(Bloomberg circulated the following story on July 20.)
WASHINGTON, D.C. — Canadian National Railway Co., which has the highest profit margins among North American railroads, said earnings in the second quarter rose 34 percent, boosted by higher grain shipments.
Net income climbed to C$326 million ($248.7 million), or C$1.13 a share, from C$244 million, or 85 Canadian cents, in the year-earlier period, Canadian National said in a statement. Revenue increased 14 percent to C$1.67 billion as grain revenue rose 45 percent. Profit before taxes and interest rose 32 percent to C$575 million, or 34.5 cents per dollar of sales.
Canadian National, the first major North American railway to report quarterly results, was 35 percent more efficient than second-ranked Norfolk Southern Corp. in the first quarter, based on a comparison of pretax profit margins.
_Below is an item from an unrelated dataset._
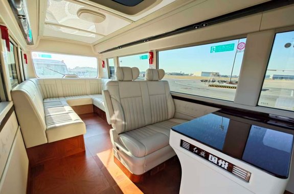 为提供出行途中更好的办公体验,车内更搭载了全新设计的带220V电源的办公桌和折叠助理桌、一键投屏折叠电视、办公位亮度可调阅读灯、冰箱、纳米生态离子织物顶棚等贴心配置。车内饰采用环保材质,禁用物质十项达标率100%,独立循环的过滤PM2.5和空气净化功能,全程呵护乘客出行安全健康。

Canadian National, based in Montreal, kept 27.5 cents of each dollar of sales in the first quarter, compared with Norfolk Southern’s 20.4 cents.
Chief Executive Hunter Harrison said in a statement that the results “reflected a comeback in Canadian grain traffic, market share gains as a result of good service” and steps to raise rates and profitability.
Canadian National’s shipments rose 12 percent, boosted by an 18 percent rise in grain and 5 percent for automobiles as the North American economy expanded, the company said. Shipments of metals and minerals rose 98 percent, reflecting the May acquisition of Great Lakes Transportation LLC, which carries taconite, a mineral used for making steel.
The results exceeded Thomson Financial’s average estimate of 98 cents based on a survey of 19 analysts. The Montreal-based company’s shares rose as much as $1, or 1.7 percent, to C$57 in early trading, and climbed 55 cents yesterday. They’ve gained 2.4 percent this year.